## What needs to be done
The material below holds a span beginning at the line with "イレギュラーヘムのプリーツ切" and ending at the line with "Not a fan of". Quote that span exactly, both ends included, and only that span.

** Information given follows **

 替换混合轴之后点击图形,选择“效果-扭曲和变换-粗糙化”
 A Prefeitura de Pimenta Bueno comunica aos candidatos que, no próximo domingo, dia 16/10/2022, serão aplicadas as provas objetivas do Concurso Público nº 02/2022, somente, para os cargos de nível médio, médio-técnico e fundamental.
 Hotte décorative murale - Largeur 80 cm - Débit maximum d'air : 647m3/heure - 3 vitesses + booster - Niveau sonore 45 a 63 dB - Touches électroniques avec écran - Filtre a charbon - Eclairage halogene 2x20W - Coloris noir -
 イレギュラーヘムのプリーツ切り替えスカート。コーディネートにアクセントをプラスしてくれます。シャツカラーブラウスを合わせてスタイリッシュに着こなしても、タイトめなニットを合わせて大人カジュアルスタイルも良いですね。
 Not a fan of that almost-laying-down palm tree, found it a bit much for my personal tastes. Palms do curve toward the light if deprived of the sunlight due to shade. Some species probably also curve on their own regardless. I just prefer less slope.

** End of Information given **
** Information given follows **

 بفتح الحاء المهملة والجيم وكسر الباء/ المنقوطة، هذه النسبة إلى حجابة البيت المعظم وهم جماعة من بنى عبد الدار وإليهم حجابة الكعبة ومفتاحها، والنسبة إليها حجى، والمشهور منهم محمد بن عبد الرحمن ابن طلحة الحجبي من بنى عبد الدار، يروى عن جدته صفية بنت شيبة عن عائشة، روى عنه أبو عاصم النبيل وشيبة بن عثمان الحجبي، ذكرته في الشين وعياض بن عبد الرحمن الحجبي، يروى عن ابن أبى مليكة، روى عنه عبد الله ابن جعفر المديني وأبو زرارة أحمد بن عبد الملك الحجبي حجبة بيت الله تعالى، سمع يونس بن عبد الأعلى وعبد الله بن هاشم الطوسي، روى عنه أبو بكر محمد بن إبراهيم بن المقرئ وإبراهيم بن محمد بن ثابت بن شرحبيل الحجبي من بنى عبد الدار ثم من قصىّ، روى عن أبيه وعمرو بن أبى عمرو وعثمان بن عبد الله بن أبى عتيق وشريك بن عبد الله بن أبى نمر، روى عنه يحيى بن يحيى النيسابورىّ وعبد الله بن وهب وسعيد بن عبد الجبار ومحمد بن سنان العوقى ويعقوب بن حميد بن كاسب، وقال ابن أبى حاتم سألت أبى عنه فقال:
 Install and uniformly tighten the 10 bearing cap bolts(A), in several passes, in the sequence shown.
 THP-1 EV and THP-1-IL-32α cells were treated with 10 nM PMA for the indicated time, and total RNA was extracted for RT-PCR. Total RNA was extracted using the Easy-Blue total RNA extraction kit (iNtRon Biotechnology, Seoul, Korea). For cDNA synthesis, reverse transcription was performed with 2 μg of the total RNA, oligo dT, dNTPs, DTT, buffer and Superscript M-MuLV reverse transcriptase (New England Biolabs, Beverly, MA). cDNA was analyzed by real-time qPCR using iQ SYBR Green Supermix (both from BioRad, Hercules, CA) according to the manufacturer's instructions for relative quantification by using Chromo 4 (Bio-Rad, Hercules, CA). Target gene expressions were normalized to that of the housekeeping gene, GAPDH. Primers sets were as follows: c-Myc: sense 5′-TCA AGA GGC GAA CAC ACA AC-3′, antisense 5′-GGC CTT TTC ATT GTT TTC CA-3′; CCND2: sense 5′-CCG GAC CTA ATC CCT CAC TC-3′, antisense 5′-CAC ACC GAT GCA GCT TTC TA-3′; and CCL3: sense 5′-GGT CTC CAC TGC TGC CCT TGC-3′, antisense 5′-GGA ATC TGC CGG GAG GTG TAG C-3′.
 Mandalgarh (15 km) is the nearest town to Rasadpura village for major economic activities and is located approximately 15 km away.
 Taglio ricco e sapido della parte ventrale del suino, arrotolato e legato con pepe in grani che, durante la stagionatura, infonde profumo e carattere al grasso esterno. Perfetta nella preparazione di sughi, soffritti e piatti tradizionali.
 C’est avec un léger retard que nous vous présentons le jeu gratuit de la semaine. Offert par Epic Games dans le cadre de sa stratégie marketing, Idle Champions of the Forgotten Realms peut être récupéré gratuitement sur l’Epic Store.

** End of Information given **

## Result of the task
 イレギュラーヘムのプリーツ切り替えスカート。コーディネートにアクセントをプラスしてくれます。シャツカラーブラウスを合わせてスタイリッシュに着こなしても、タイトめなニットを合わせて大人カジュアルスタイルも良いですね。
 Not a fan of that almost-laying-down palm tree, found it a bit much for my personal tastes. Palms do curve toward the light if deprived of the sunlight due to shade. Some species probably also curve on their own regardless. I just prefer less slope.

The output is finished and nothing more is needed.